(GIVEN RECORDS Opens)

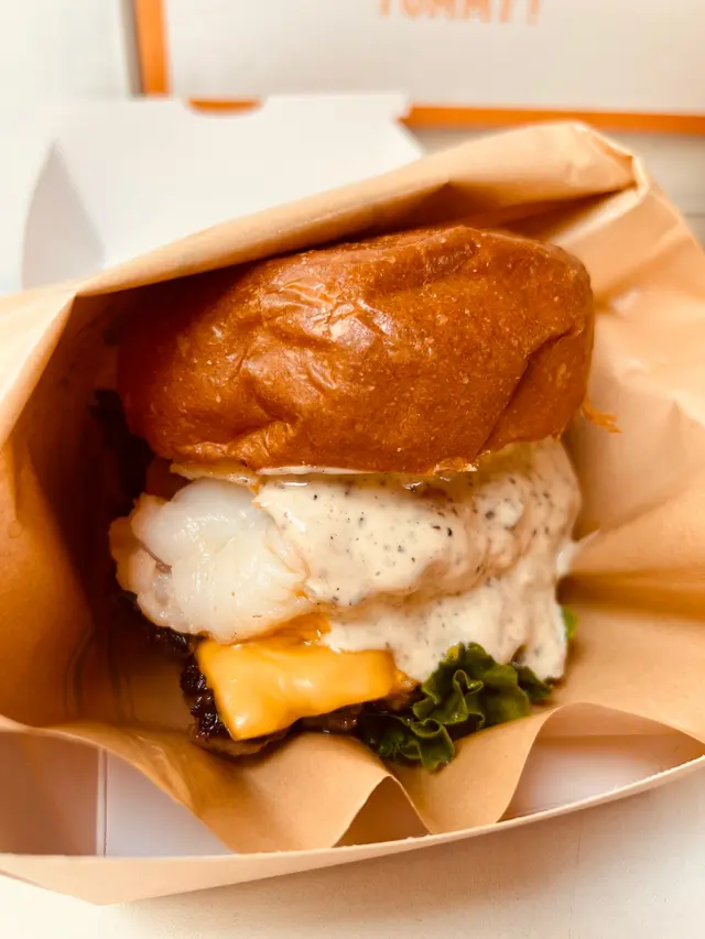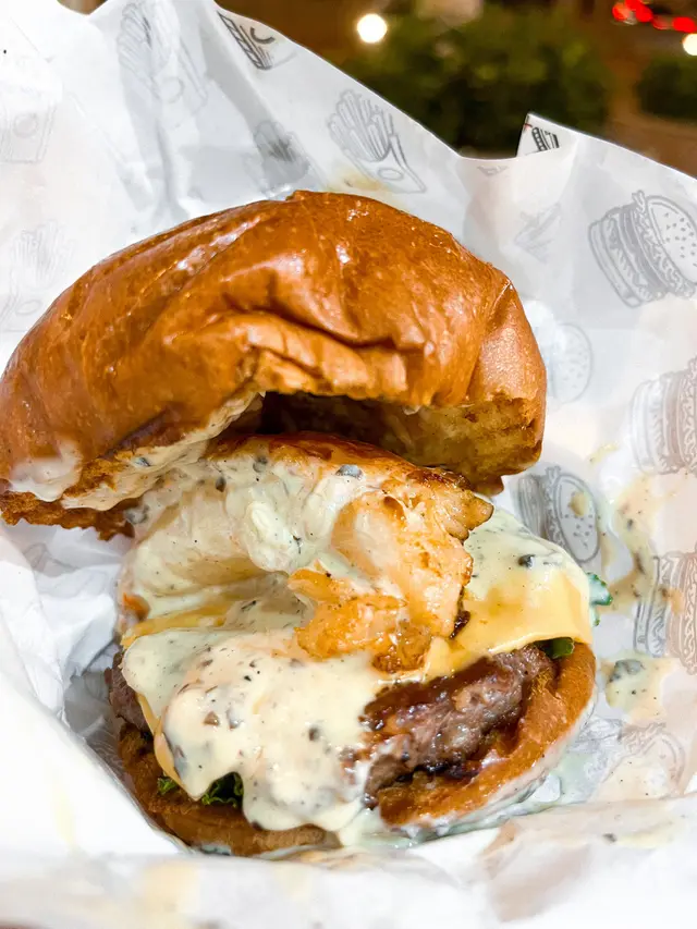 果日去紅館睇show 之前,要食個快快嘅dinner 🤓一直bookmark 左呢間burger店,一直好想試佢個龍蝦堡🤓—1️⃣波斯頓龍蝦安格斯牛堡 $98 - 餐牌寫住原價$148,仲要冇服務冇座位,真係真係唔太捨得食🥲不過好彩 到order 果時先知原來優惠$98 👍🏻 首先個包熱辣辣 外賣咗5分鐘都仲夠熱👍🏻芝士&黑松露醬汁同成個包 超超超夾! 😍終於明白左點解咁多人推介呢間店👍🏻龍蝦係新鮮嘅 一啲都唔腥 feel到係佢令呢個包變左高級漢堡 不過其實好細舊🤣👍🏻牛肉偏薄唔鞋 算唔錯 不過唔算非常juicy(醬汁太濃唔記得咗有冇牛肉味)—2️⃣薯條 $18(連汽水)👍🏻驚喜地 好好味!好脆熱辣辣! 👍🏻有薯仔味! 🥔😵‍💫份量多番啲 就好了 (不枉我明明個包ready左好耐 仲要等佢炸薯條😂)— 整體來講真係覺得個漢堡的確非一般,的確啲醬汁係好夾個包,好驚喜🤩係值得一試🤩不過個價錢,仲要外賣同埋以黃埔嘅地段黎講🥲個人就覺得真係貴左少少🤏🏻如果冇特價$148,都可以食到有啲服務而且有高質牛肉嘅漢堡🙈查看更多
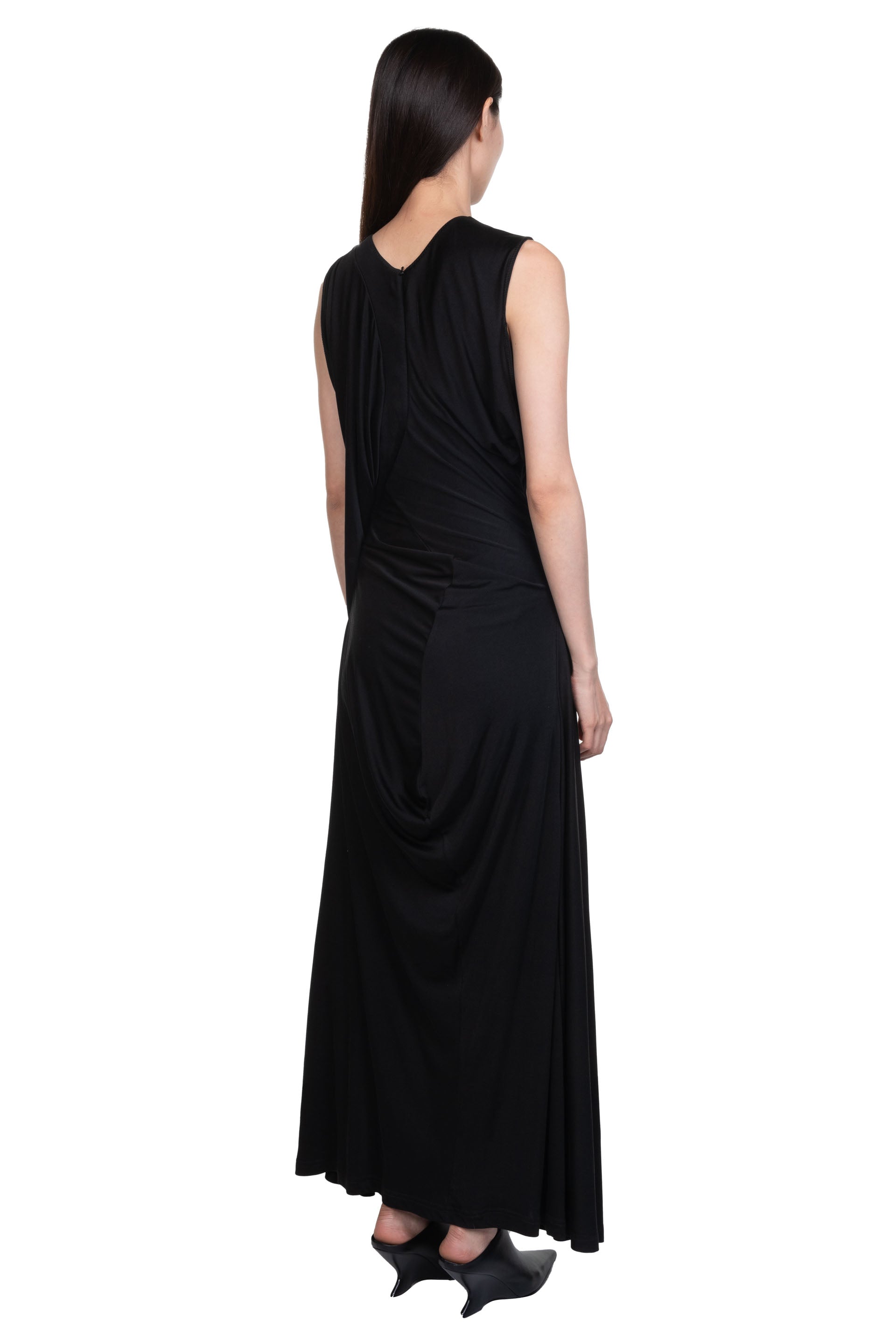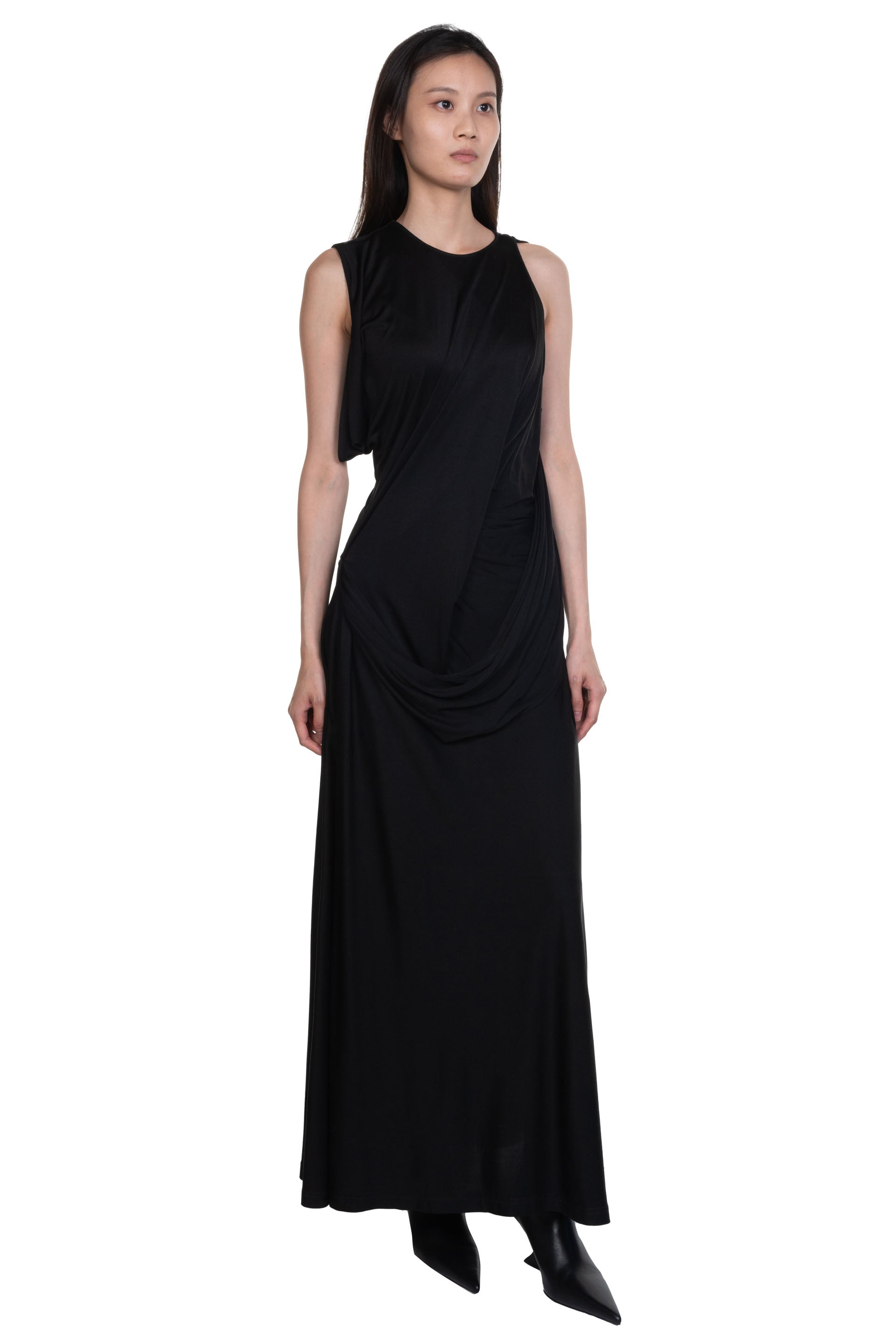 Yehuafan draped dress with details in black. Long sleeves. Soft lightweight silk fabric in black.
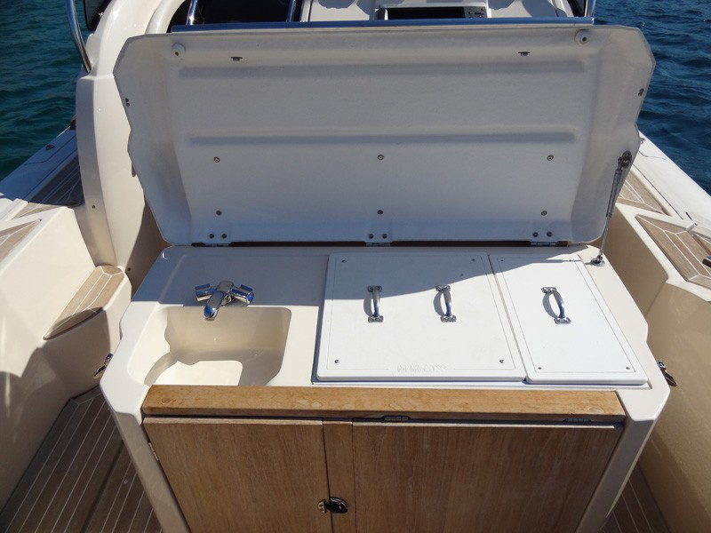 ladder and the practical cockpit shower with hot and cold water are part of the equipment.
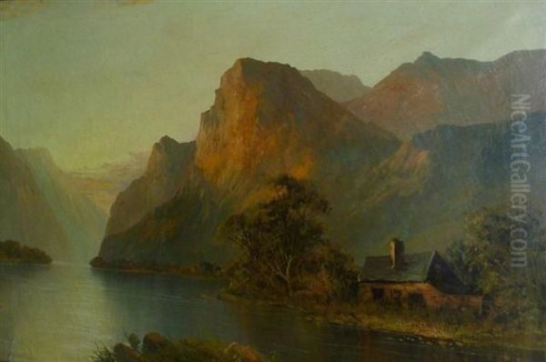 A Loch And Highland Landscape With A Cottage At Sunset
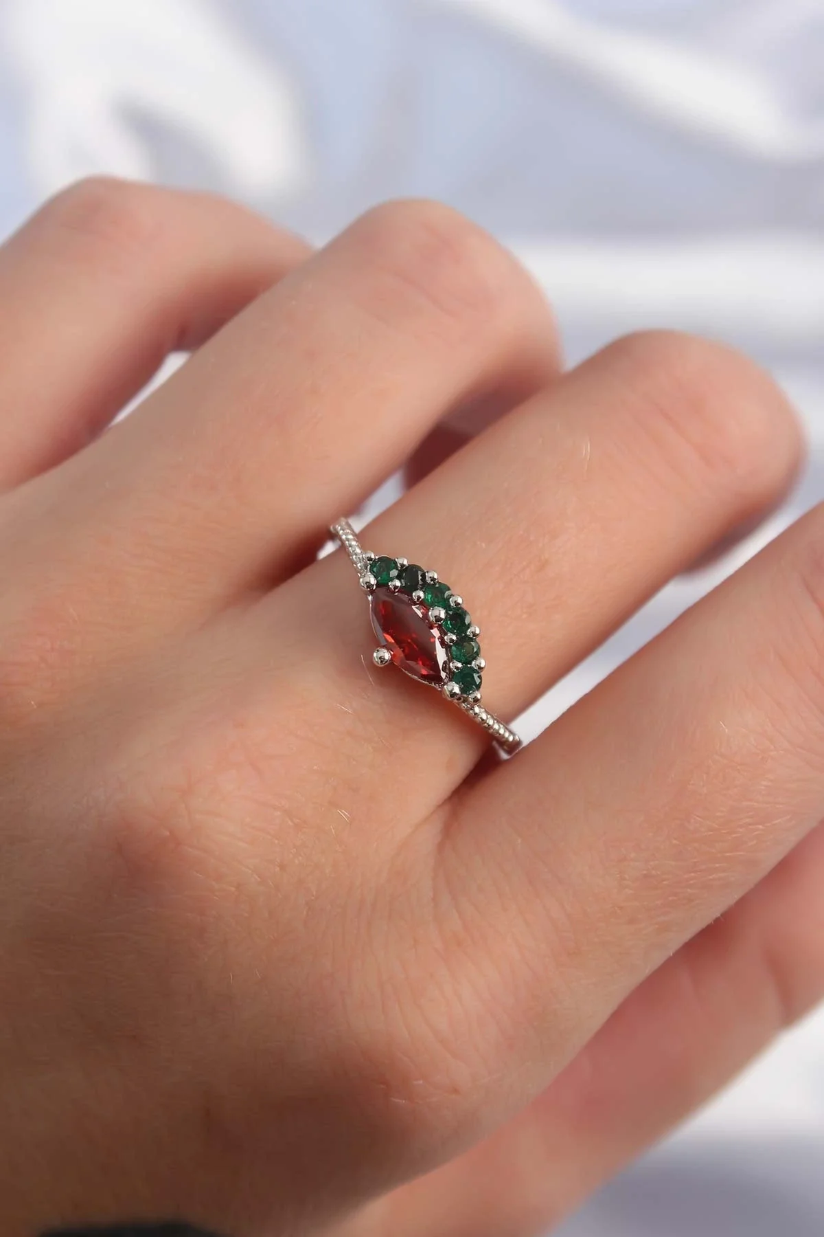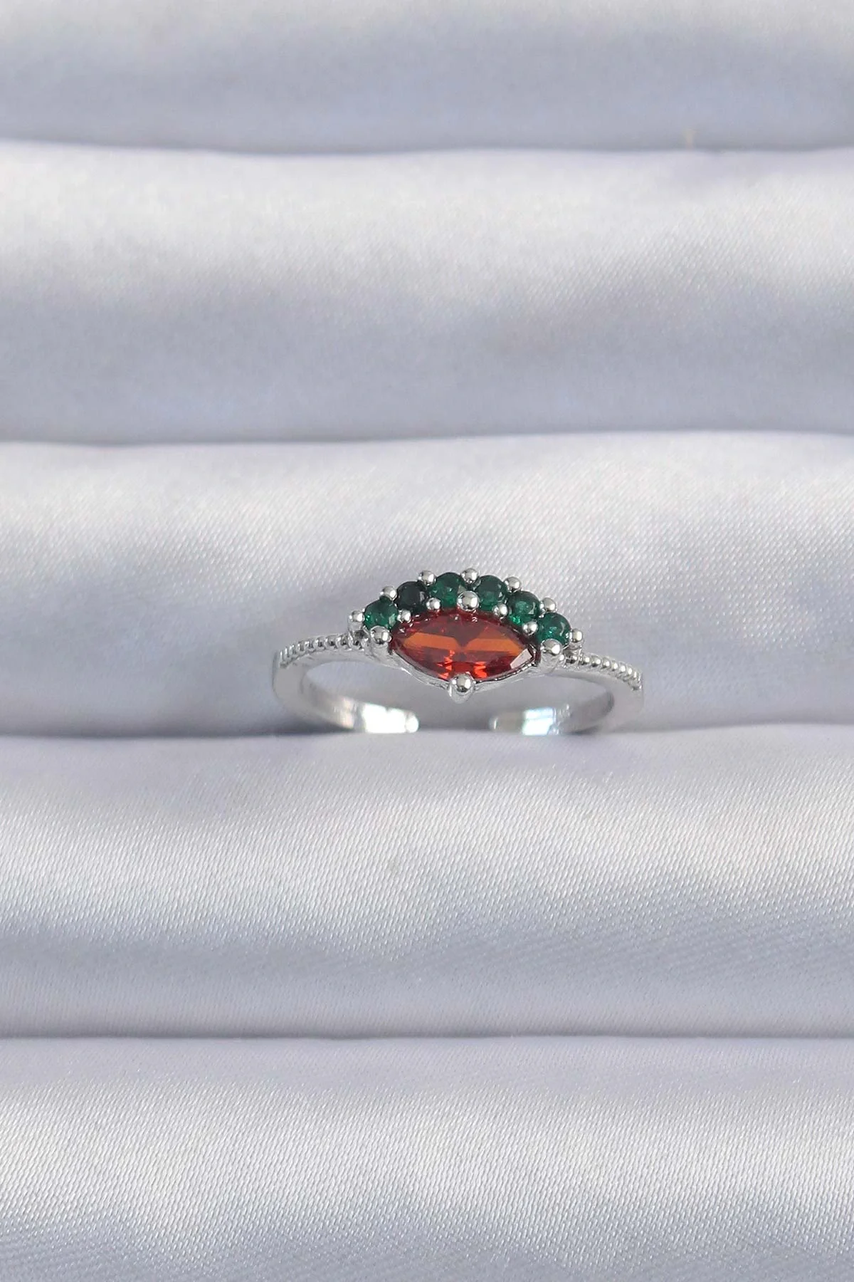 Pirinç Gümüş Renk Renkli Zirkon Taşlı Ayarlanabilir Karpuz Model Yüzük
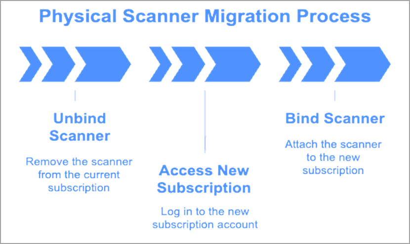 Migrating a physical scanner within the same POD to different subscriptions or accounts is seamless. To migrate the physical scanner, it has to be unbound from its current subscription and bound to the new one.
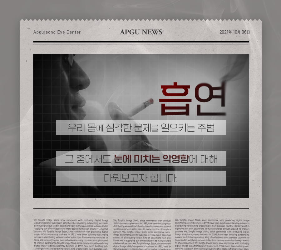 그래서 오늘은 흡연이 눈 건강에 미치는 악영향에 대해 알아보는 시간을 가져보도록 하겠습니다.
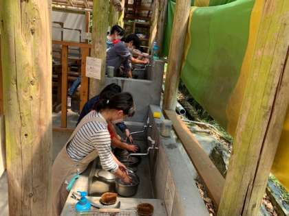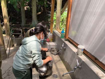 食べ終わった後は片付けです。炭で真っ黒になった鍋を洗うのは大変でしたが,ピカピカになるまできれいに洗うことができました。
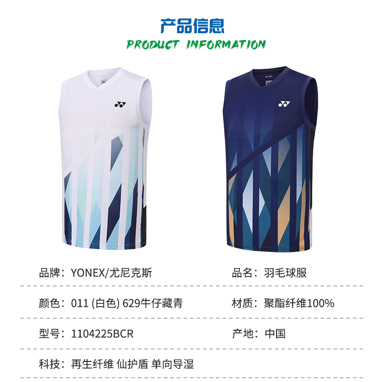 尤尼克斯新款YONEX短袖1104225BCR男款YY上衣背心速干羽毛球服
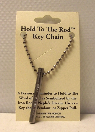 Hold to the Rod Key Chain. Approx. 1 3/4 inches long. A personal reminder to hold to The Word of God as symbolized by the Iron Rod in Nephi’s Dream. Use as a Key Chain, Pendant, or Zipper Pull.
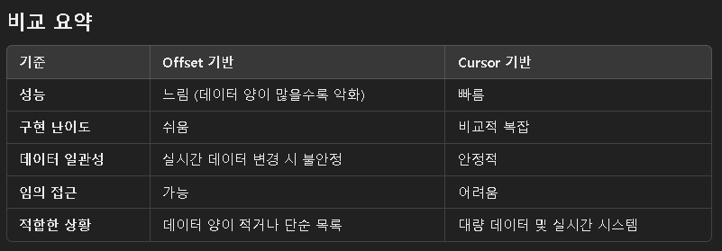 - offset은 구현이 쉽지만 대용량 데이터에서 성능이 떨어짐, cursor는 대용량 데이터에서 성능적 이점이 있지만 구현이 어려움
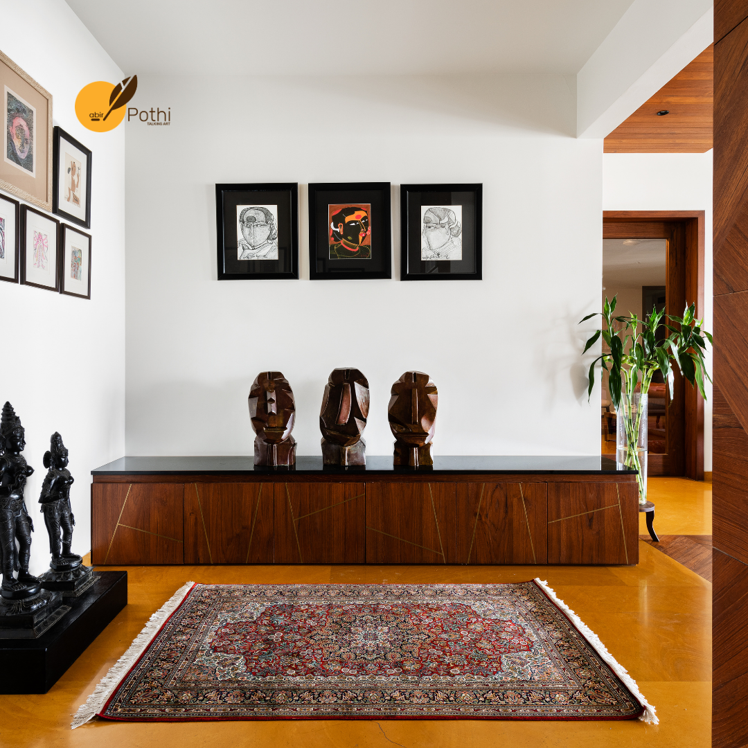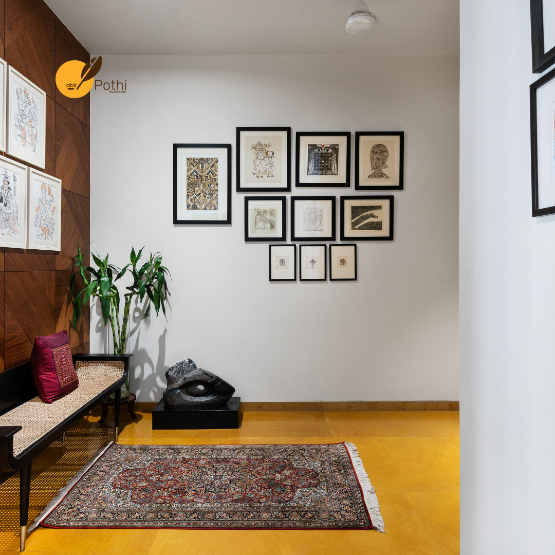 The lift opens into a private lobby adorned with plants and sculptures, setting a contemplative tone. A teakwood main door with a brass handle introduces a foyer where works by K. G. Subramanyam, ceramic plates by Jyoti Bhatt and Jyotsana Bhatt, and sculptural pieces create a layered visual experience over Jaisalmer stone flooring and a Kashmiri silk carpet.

(GIVEN RECORDS Closes)

EXERCISE GOAL ->
Could you repeat, exactly, only the lines above starting at the one that has "Pirinç Gümüş Renk" and stopping after the one that has "尤尼克斯新款YONEX短袖1104225BCR男款YY上衣背心速干羽毛球服", without the pictures?

REPLY ->
 Pirinç Gümüş Renk Renkli Zirkon Taşlı Ayarlanabilir Karpuz Model Yüzük
 Migrating a physical scanner within the same POD to different subscriptions or accounts is seamless. To migrate the physical scanner, it has to be unbound from its current subscription and bound to the new one.
 그래서 오늘은 흡연이 눈 건강에 미치는 악영향에 대해 알아보는 시간을 가져보도록 하겠습니다.
 食べ終わった後は片付けです。炭で真っ黒になった鍋を洗うのは大変でしたが,ピカピカになるまできれいに洗うことができました。
 尤尼克斯新款YONEX短袖1104225BCR男款YY上衣背心速干羽毛球服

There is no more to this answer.